КРИСТОФЕР МЕРРИЛЛ :,,От него я узнал больше, чем от всех остальных своих преподавателей вместе взятых. И хотя я вышел с этого курса с ощущением полнейшей пустоты — словно я ничего нового там не узнал, — именно голос Бродского по-прежнему звучит в моей голове. Он вручил мне кодекс совести...,,
,,...Несмотря на свой сильный русский акцент, Бродский проворачивал ... со всеми английскими словами; каждым произнесенным им словом мы упивались как изысканным лакомством. Это и был его педагогический метод: Бродский обращал внимание на каждое слово, чтобы раскрыть ход мысли автора. Знаете, он часто ссылался на Одена и его строки о том, что поэт в своем творчестве высвечивает «кодекс совести». В некотором смысле Бродский даже перенял у Одена этот код. По-моему, он хотел донести до студентов свой такой шифр — в значительной мере обусловленный лирикой Одена.

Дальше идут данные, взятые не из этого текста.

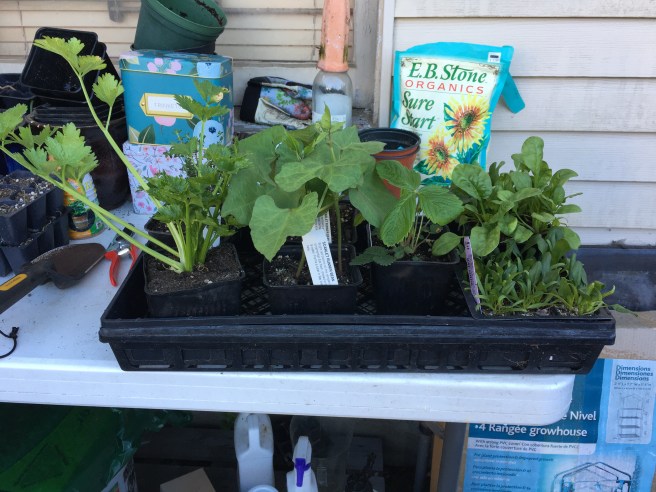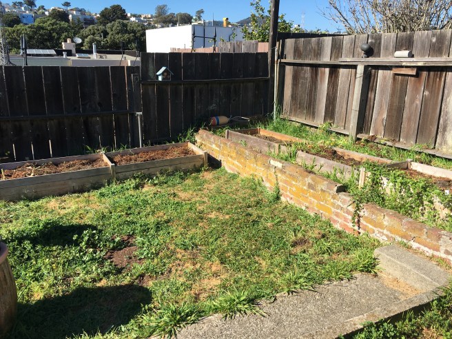 SO. I have 4 full beds empty and the bed the Yerba Buena has claimed for her own. That’s a bed that also has a flowering shungiku which I’m just gonna let go for the buzzy boys to have an early feast.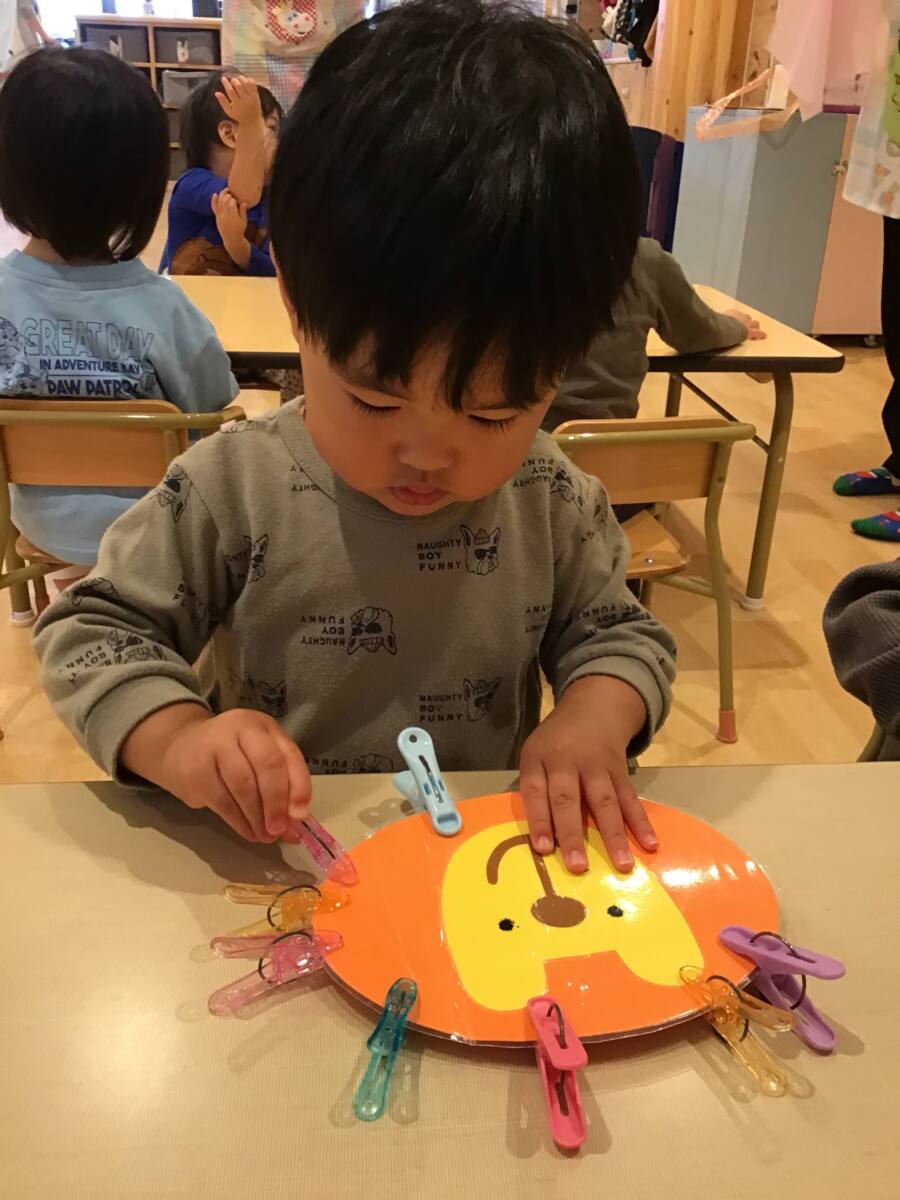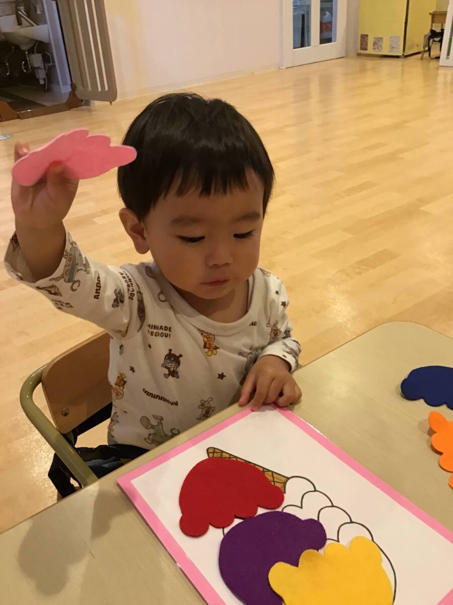るなさんは洗濯バサミを使った遊びで指先の使い方を練習したり、色に興味をもちながらアイスクリーム作りをしたり❕

Важно знать и осознавать тот факт, что Бродский самостоятельно доработал многие переводы своих текстов — после чего начал сочинять по-английски (и писал на этом языке до конца своих дней). Впрочем, многие американские поэты имеют вопросы к его английской речи. Приведу в пример современного русско-американского композитора: мы с ней добрые друзья, то и дело спорим про стихотворение «24 мая 1980 года». В одной из таких бесед моя приятельница высказала весьма любопытное соображение: третья с конца строка в переводе звучит как «жрал хлеб изгнанья, не оставляя корок». Бродский так хотел получить определенную рифму к слову forty (сорок), что называет хлеб warty (бородавчатый), и по-английски это звучит слегка нелепо. Приятельница обратила на это мое внимание и спросила, не считаю ли я, что пришла пора заново переводить Бродского. Я ответил: «Пойми, Иосиф Бродский переделал все переводы на собственный лад».
,,24 мая 1980,,
ИОСИФ БРОДСКИЙ
Я входил вместо дикого зверя в клетку,
выжигал свой срок и кликуху гвоздем в бараке,
жил у моря, играл в рулетку,
обедал черт знает с кем во фраке.
С высоты ледника я озирал полмира,
трижды тонул, дважды бывал распорот.
Бросил страну, что меня вскормила.
Из забывших меня можно составить город.
Я слонялся в степях, помнящих вопли гунна,
надевал на себя что сызнова входит в моду,
сеял рожь, покрывал черной толью гумна
и не пил только сухую воду.
Я впустил в свои сны вороненый зрачок конвоя,
жрал хлеб изгнанья, не оставляя корок.
Позволял своим связкам все звуки, помимо воя;
перешел на шепот. Теперь мне сорок.
Что сказать мне о жизни? Что оказалась длинной.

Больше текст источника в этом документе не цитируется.